**Work to complete:** Look for the line with "Vaschetta portattrezzi e portapacchi" in the data below, then reproduce word for word that line and every line after it. Leave out all pictures and add nothing.

BEGIN Supplied records

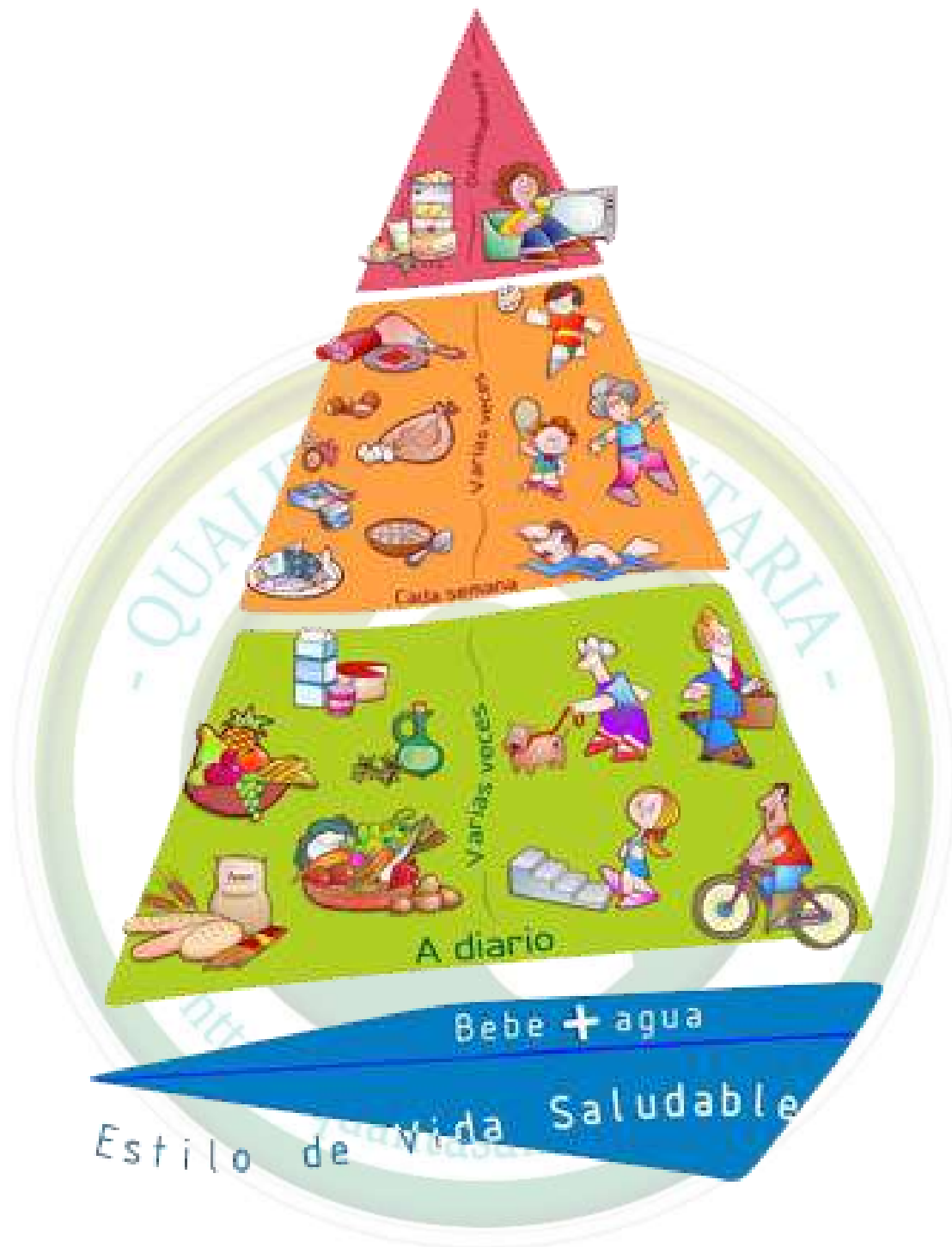
Pirámide NAOS 1
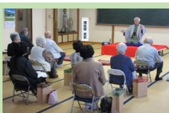
上条区おたっしゃ会 6月12日(日) 落語鑑賞

町内の各いきいきサロンでは、新型コロナウイルスの感染状況に注意しながら活動を行っております。このうち、6月は4団体が活動しました。また、7月については、6団体が活動予定です。町社協では、各団体の要望を踏まえながらサロン活動を支援して参ります。
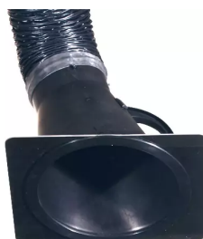
Placa-tobera para campana de aspiración 150 mm
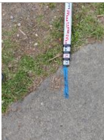
Dépôt sur la piste (débordement dans le canal)
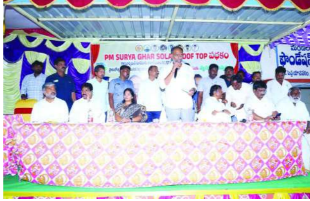
మార్కాపురం పెన్ పవర్ ఏప్రిల్ 11
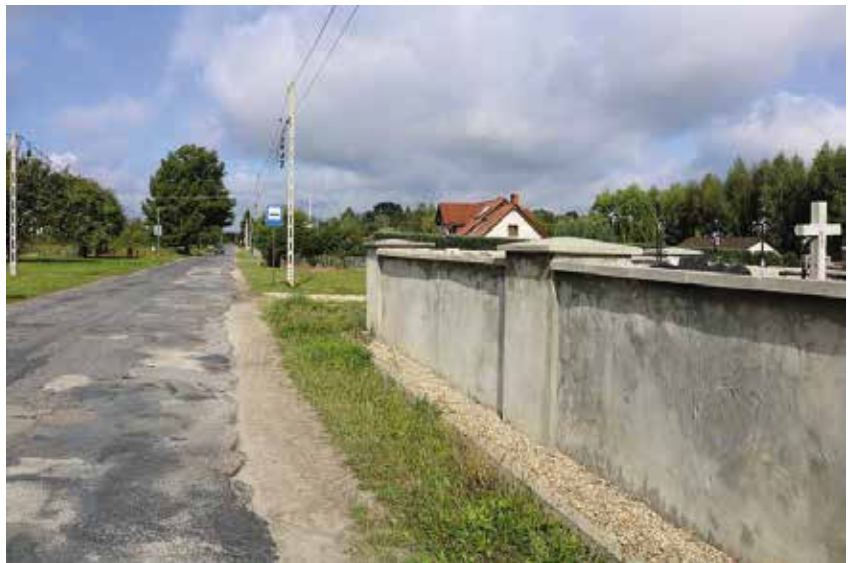
Już niebawem rozpocznie się przebudowa drogi Siedlce-Łukowa
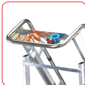
Vaschetta portattrezzi e portapacchi
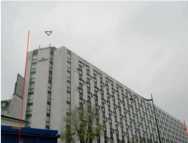
DP 7.1 - Photo de l'existant

REPLACEMENT À L'IDENTIQUE SANS IMPACT VISUEL
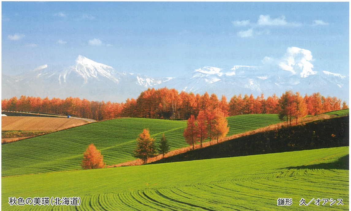
秋色の美瑛(北海道)
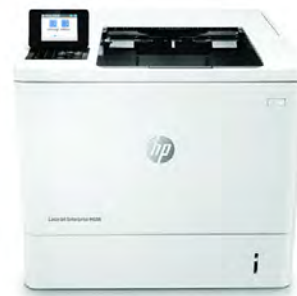
HP LaserJet Enterprise M608dn
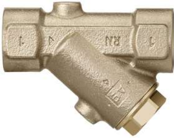
17011 - Filtre oblique
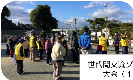
世代間交流グラウンドゴルフ 大会(12月4日)
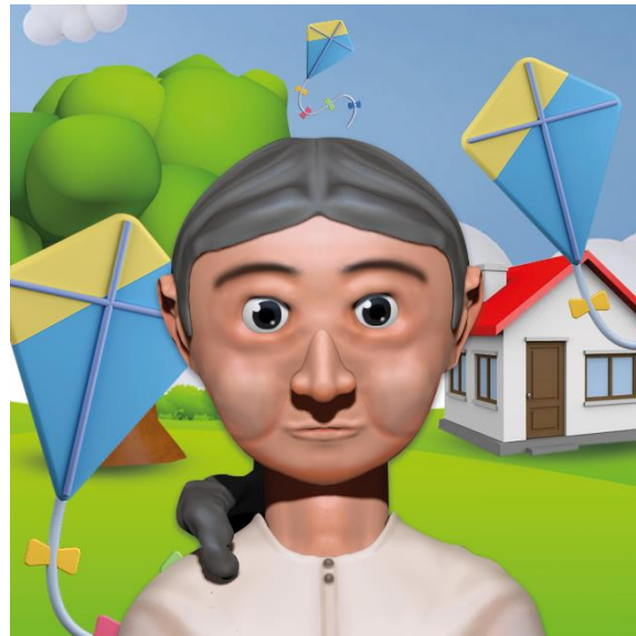
Figura 2. Modelado 3D de personajes

Nota. Modelos realizados en base a fotografías de los adultos mayores y abstracción de características.
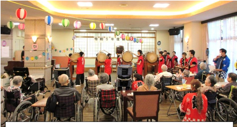
北中道和太鼓クラブ「飛童」による息の合った演奏
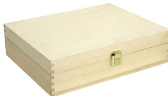
502354 CASSETTA CHIUSA 3 BOTTIGLIE PINO NATURALE dimensioni size 35x27 h9 cm pz/cart pcs/box 12
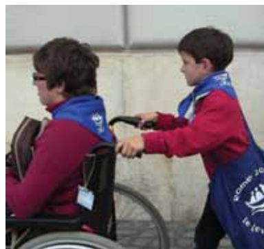
À droite : pèlerinage de L'Arche Le Levain à Rome pour les 30 ans de la communauté.
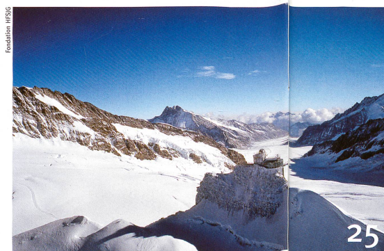
Jungfrauoch: la plus haute station de recherche d'Europe à 75 ans.

Photo de couverture en haut: L.-J. Sally Liu, directrice de recherche à l'Université de Bâle.

END Supplied records

**Task solution:**
Vaschetta portattrezzi e portapacchi
DP 7.1 - Photo de l'existant

REPLACEMENT À L'IDENTIQUE SANS IMPACT VISUEL
秋色の美瑛(北海道)
HP LaserJet Enterprise M608dn
17011 - Filtre oblique
世代間交流グラウンドゴルフ 大会(12月4日)
Figura 2. Modelado 3D de personajes

Nota. Modelos realizados en base a fotografías de los adultos mayores y abstracción de características.
北中道和太鼓クラブ「飛童」による息の合った演奏
502354 CASSETTA CHIUSA 3 BOTTIGLIE PINO NATURALE dimensioni size 35x27 h9 cm pz/cart pcs/box 12
À droite : pèlerinage de L'Arche Le Levain à Rome pour les 30 ans de la communauté.
Jungfrauoch: la plus haute station de recherche d'Europe à 75 ans.

Photo de couverture en haut: L.-J. Sally Liu, directrice de recherche à l'Université de Bâle.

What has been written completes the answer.